A study conducted by a former Harvard undergraduate named Matthew Sachs has shown that people who get the chills while listening to music have different brain structures from those who don’t experience the sensation.
The study, entitled Brain Connectivity Reflects Human Aesthetic Responses to Music, has been published on Oxford Academic. It states that people who experience getting goosebumps and chills while listening to music have a denser volume of fibers that connect their auditory cortex to the areas of their brain that process emotions.
The denser fibers means that the auditory and emotion-processing areas of their brain are better able to communicate with each other, hence the stronger reaction they have to musical stimuli. Sachs also concluded that individuals who get the chills have a higher tendency to experience more intense emotions than those who don’t.
“The idea being that more fibers and increased efficiency between two regions means that you have more efficient processing between them,” Sachs stated.
To conduct the study, Sachs chose a total of 20 individuals (age range = 18–34; 8 males, 12 females; 18 right-handed persons, 1 left-handed person in each group) from a random group of 237 people who answered a survey that assesses “individuals’ background in and engagement with music.” Ten of the people he chose stated that they have experienced getting tingling sensations or goosebumps when listening to a particular song (the chill group), while the other ten are from those who said that they have no such experience (the no chill group).

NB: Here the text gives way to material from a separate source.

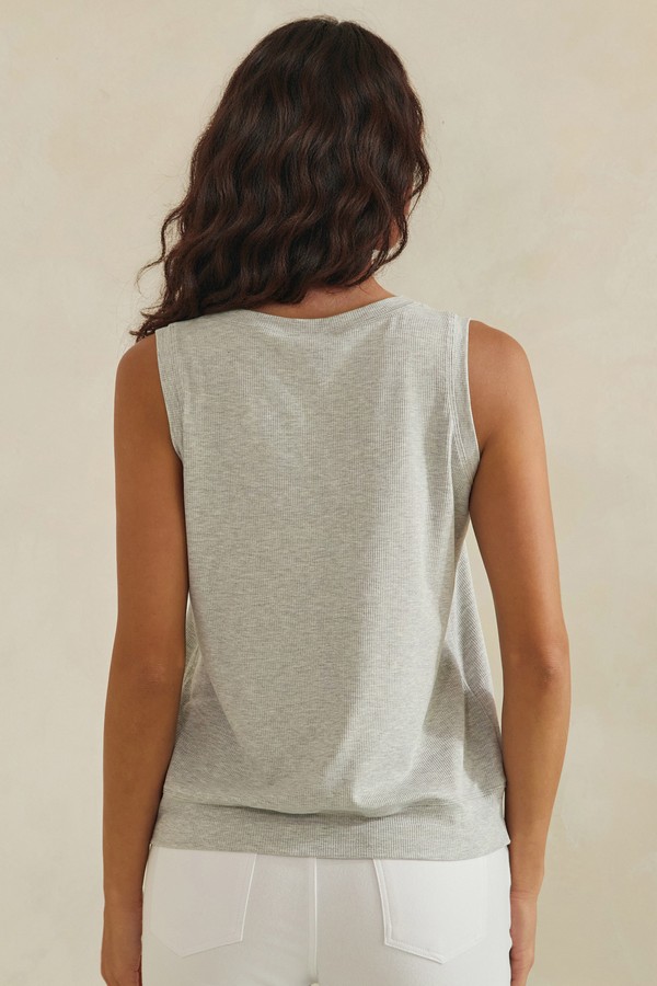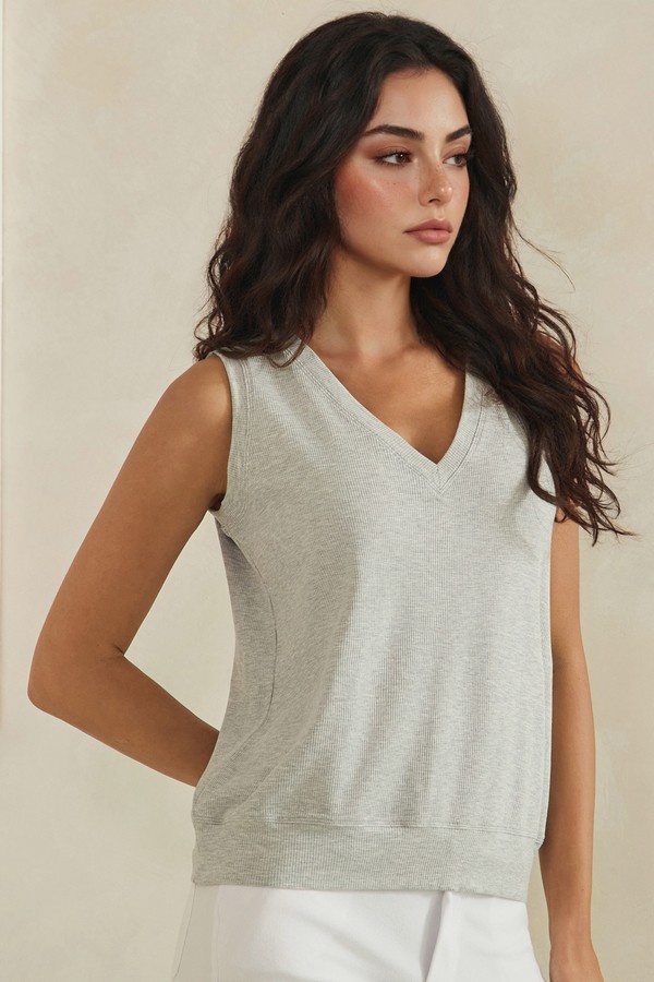Effortlessly versatile and designed for everyday comfort, this ribbed tank top features a flattering V-neckline and a relaxed, easy drape. The soft, breathable fabric offers a lightweight feel, making it perfect for layering or wearing on its own. Finished with a subtly structured hem for added shape, this piece blends casual ease with a polished touch—ideal for both laid-back days and elevated basics styling.

The study participants were then asked to submit 3-5 songs—for the chill group, songs that always give them goosebumps; for the no chill group, songs that they enjoy the most. The resulting list included songs like Coldplay’s “Strawberry Swing”, Bon Iver’s “Flume”, Kanye West’s “Power”, N’Sync’s “This I Promise You”, The Beatles’ “Revolution”, and many others.
Each participant were made to listen to 3 of the songs they listed and 3 songs listed by other people (for a total of 6 songs). According to the article:
“While listening to each excerpt, participants rated their emotional responses using a slide rule ranging from 0 to 10 (0 = neutral/no pleasure, 10 = high pleasure). If a chill occurred, participants were instructed to press and hold the space bar on the keyboard for the duration of the chill.”
Sachs also used Diffusion Tensor Imaging (DTI), a kind of MRI-based technique, to scan the brains of each participant.
While the study only deals with human response to sounds, Sachs believes that the results of his research can inform scientific and philosophical theories on the “evolutionary origins of human aesthetics.” He said that the study could help researchers figure out why music and other forms of art is an indispensable artifact that exists in all human cultures in history.